PR: Don’t make me say it. You’ve got Google for resurfacing all my mistakes. Especially the ones who were putting themselves through “medical school” with “performance art.”
AS: You don’t have to make air quotes, Phinneas.
PR: Anyway, what I’m getting at here is that I’m ready. I’m ready to do what it takes to turn this ship around and be a better CEO—face of the brand, or whatever that’s needed.
[Pause]
AS: Are you? Do you genuinely want this, or is this all related to her—to your ex? If we successfully launch this next product, but she still doesn’t approve of your efforts, will you spiral, Phinneas? Or maintain the hard work you—and I—will be drilling into over the next few months?
PR: I want this. In 100 percent sincerity, I do.
AS: Good, because—
PR: And…it is all for her. I can’t help that. It’s the truth. Probably always will be. So you’ll have to work with me at the risk of watching me implode somewhere later down the line.
AS: A Phinn-plosion?
PR: Now, see—you are listening. So tell me, again, about this Boom Chicka—sorry. This Boom Boom app. I’m dialed in now.
AS: [Sighs] Phinneas, I have to admit: I don’t believe you. I don’t think you’re actually committed to change. [Sniffs] Phinneas, have you—goddammit, have you been drinking?
PR: Only a little, and in the comfort of my own home.
AS: I know for a fact you were at a business meeting not thirty minutes ago, and that you just came back. I could smell the fresh exhaust from your car in the driveway. [Rustling]
PR: Hey. Hey, what are you doing? [Laughs] C’mon, it was just a little mimosa with my product team. You can’t leave yet, you haven’t even told me what videos to upload.
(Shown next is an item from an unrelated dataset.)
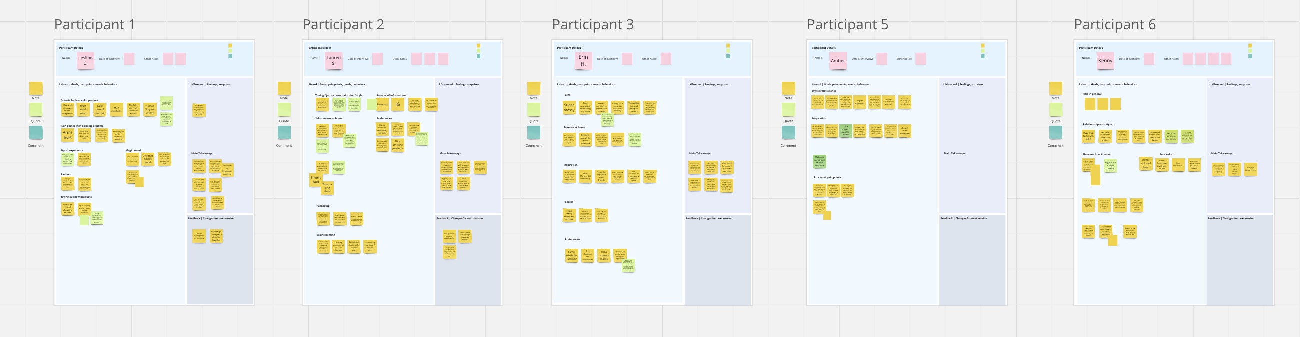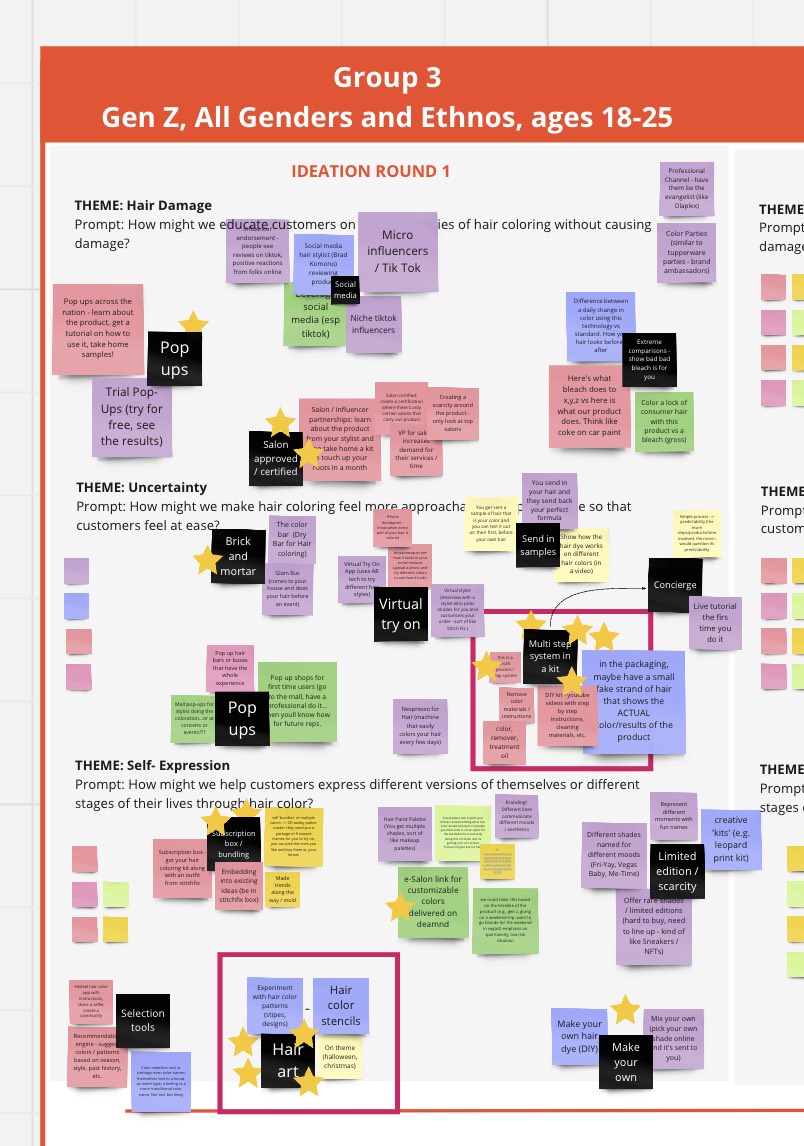 The user research focused on uncovering hair coloring behaviors, motivations, and unmet needs of target consumers. Through rounds of thoughtful synthesis for each participant, deeper insights and understanding were uncovered.

AS: Mr. Redwood, although you hired Ovid Blackwell and they provided you with the best of the best—
PR: Mr. Redwood? Stern, are you breaking up with me? [Scoffs] No, c’mon, sit down. Please.
AS: No. [Huffs] I have defended you to everyone who will listen: to my VP, the president of Ovid Blackwell, CNN, MSNBC, and Pharmaceutical Weekly. Even Science Bros, the website for young scientists who deadlift at the gym, laughed when I said you would be ready for in-person interviews in three weeks’ time. You’re proving me wrong this instant.
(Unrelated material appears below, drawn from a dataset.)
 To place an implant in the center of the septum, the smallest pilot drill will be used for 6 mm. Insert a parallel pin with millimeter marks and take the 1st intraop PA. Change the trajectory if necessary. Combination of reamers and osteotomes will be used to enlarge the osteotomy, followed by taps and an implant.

PR: [Groans] Look, I couldn’t care less about Science Bros—or any other self-aggrandizing platform whose leadership can’t spell “enzyme.”
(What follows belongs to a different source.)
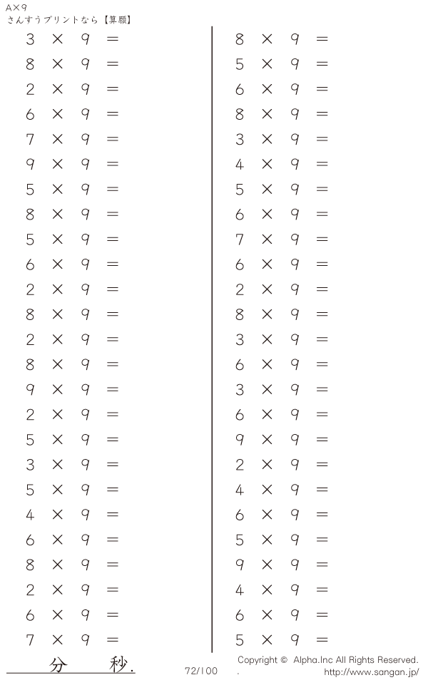算数計算問題 A×9のPDFプリント [問題]072/100

AS: That’s clear. Abundantly. But I care, and you’re making me look like an idiot.
PR: Let’s not exaggerate, Stern. Don’t get so emotion—
AS: Don’t. Patronize. Me. I care about whether you can pull off this transformation, and I wish you would, too. But the only thing that gives you pause is whether some ex-girlfriend, who dropped you like a Redbox subscription decades ago, gives a shit about your charitable donations. Wake up, Phinneas! What she thinks doesn’t matter. You matter. Your health matters. Your professional reputation matters.
[Pause]
PR: Okay.
AS: Okay what?
PR: Okay, you’re right. I’ll…stop drinking. Out in public. And I’ll make a real effort to drink less at home.
AS: I don’t believe you.
PR: I’m serious. This time, I am. What you’re saying is absolutely true: I need to do better for myself and stop pining over a woman who has washed her hands of me. I deserve a better life than drinking my daylight hours away and alienating colleagues at mimosa meetings. Thrive deserves better, and so does my next pill—that’s where I think you’re right. I think Shapextrin can really help people, and I…want to be one of them. I…I see all of that now.
[Pause]
AS: Okay.
PR: Okay what?
AS: Let’s continue.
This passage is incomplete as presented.